Amazon.com Review
Making Diversity Work offers fresh and fascinating ideas for reducing bias--one person at a time. "Bias lies in every heart and mind--it is also where the answers lie," writes diversity expert Sondra Thiederman. By focusing on the individual, rather than the organization, she defines a powerful focus for bias busting in the workplace. Racial and sexual bias costs big bucks warns Thiederman, citing litigation, lowered sales, and loss of employees and customers. Using case studies, politically incorrect questions, and insightful strategies, she guides readers through "the discomfort of self discovery."

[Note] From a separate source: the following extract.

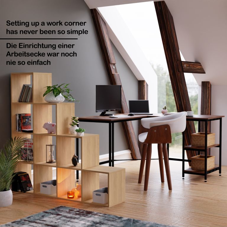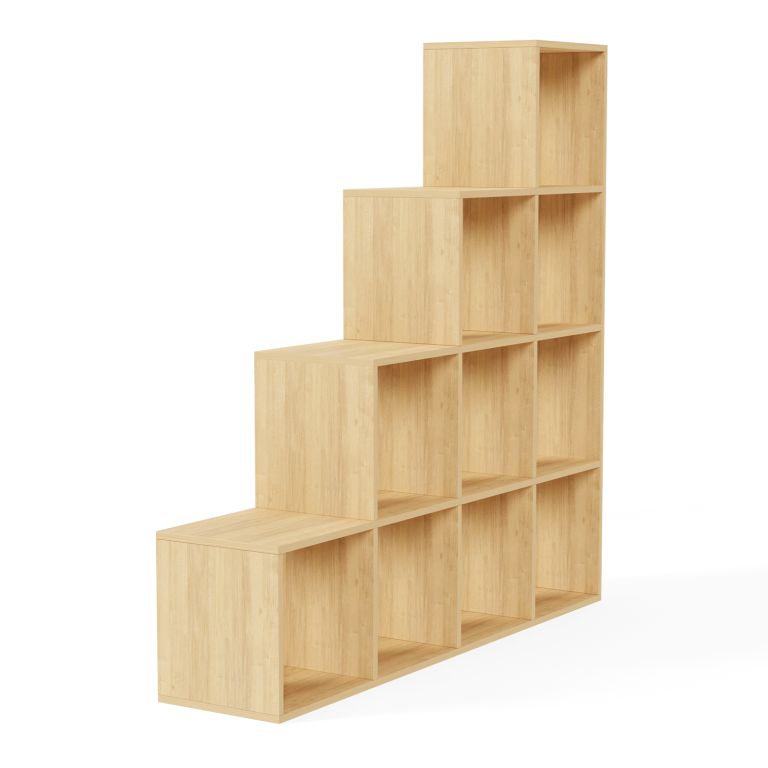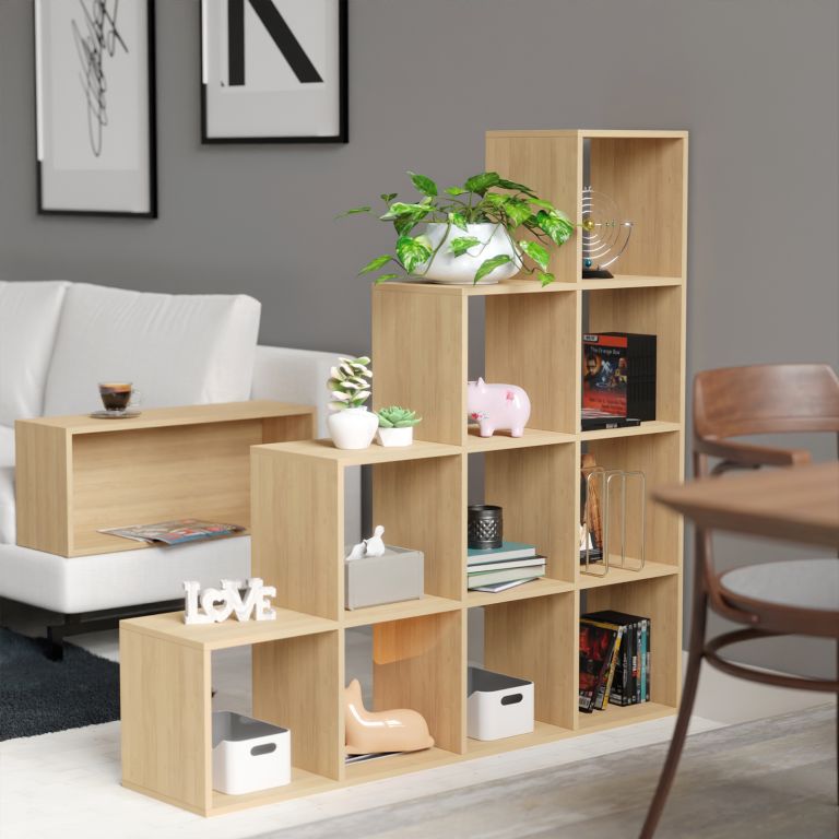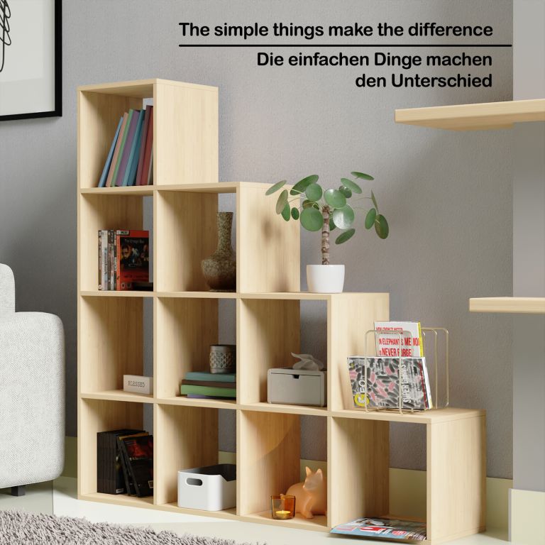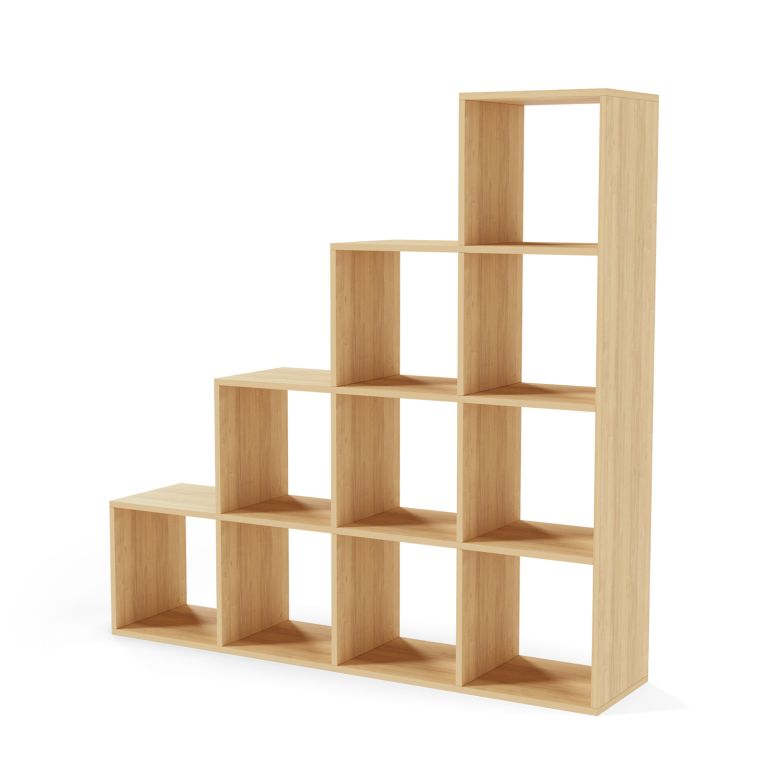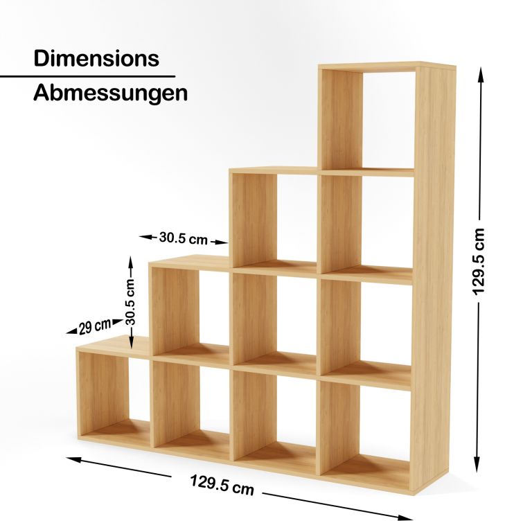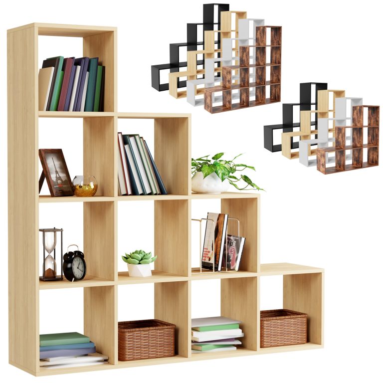 Istnieje prawdopodobnie ponad tysiąc sposobów na zmianę wystroju pomieszczenia. Czasami są to proste rzeczy, które tchną nowe życie w pokój. Na przykład nasza wielopoziomowa półka, która służy zarówno jako przegroda w pokoju, jak i półka do przechowywania. Przechowuj wszystkie książki na półce i stwórz przytulny kącik. Jednocześnie półka na dokumenty może być również używana w biurze. Najpiękniejsze zdjęcia z podróży i akcesoria domowe mogą wkrótce zyskać nowe miejsce w Twoim domu. Regał schodowy posiada 10 przestronnych przegródek, które zapewnią mnóstwo miejsca do przechowywania. Nasz regał wykonany jest z łatwej do mycia, pokrytej melaminą płyty MDF.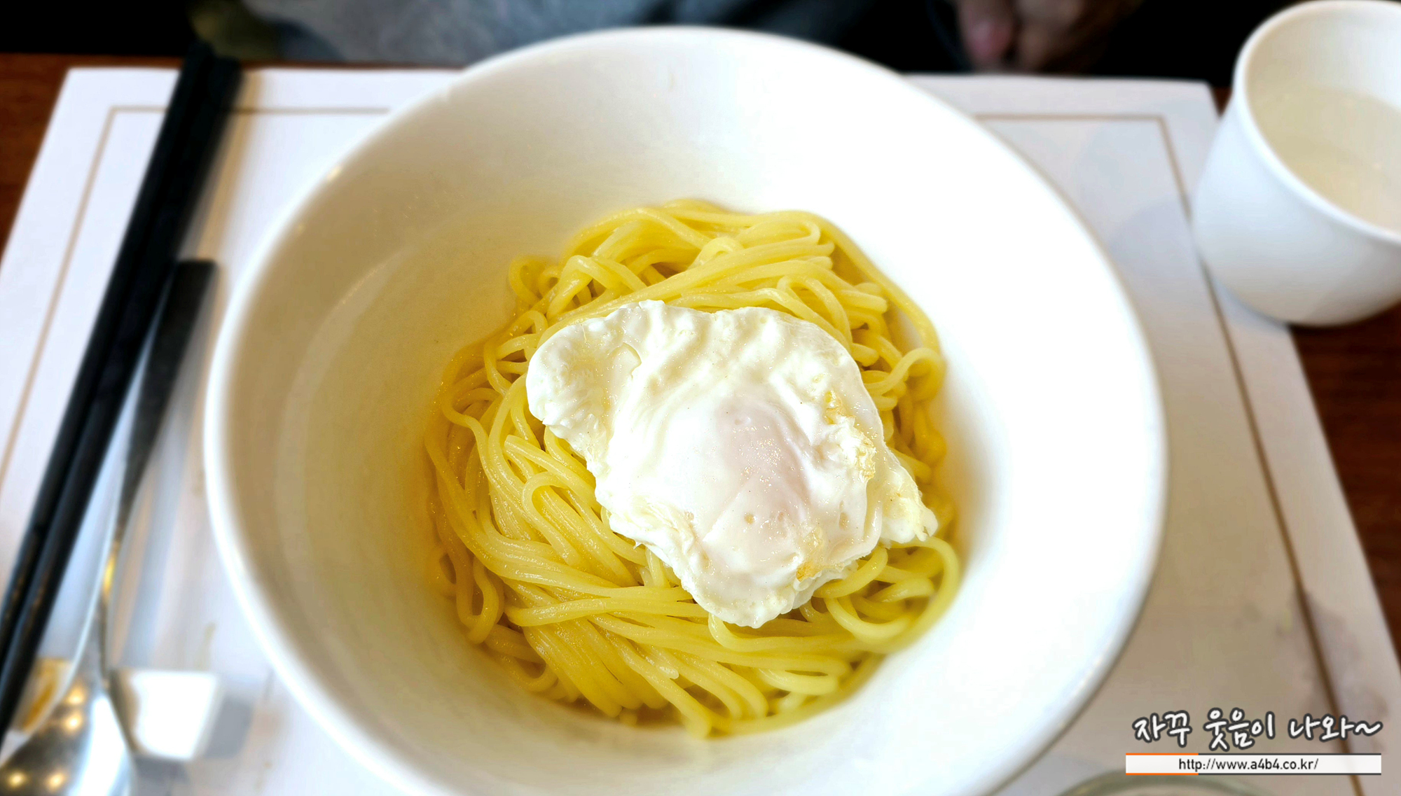 상당히 푸짐한 양을 보여주는 잡채밥입니다. 계란국물이 같이 나오고요.

After detailing how biases are learned, Thiederman introduces seven steps to prevent bias from blocking and distorting your work relationships. The book's centerpiece is a brilliant discussion of how to manage "gateway events,"(for example, hearing an inappropriate comment or being treated with a biased behavior) and start a conversation about sticky diversity issues. This brave and groundbreaking analysis should define the direction of diversity training for decades to come. --Barbara Mackoff
From Publishers Weekly
Thiederman, a speaker on workplace diversity and author of Profiting in America's Multicultural Marketplace, offers practical ways everyone can be more aware of their biases, stereotypes and negative attitudes. It's essential, according to the author, that everyone, from low-level employee to business owner and executive, be more mindful of diversity in order to communicate more effectively, manage others and be more successful at work. Biases hurt everyone because they hinder decision making, hiring and keeping workers. "One of the really creepy things about biases is that they can easily become self-fulfilling prophecies. If a manager believes that an employee has a certain characteristic, darn if she doesn't find a way to make that characteristic come true." The author offers concrete steps to combat biases, including dissecting those biases and "putting them through triage." Thiederman uses her own experiences as well as those of others who give firsthand accounts. The writing is clear, and her approach is textbook-like with chapter summaries and sidebars emphasizing key points. In the end, this is a levelheaded examination of this important topic, which is already covered in many other books.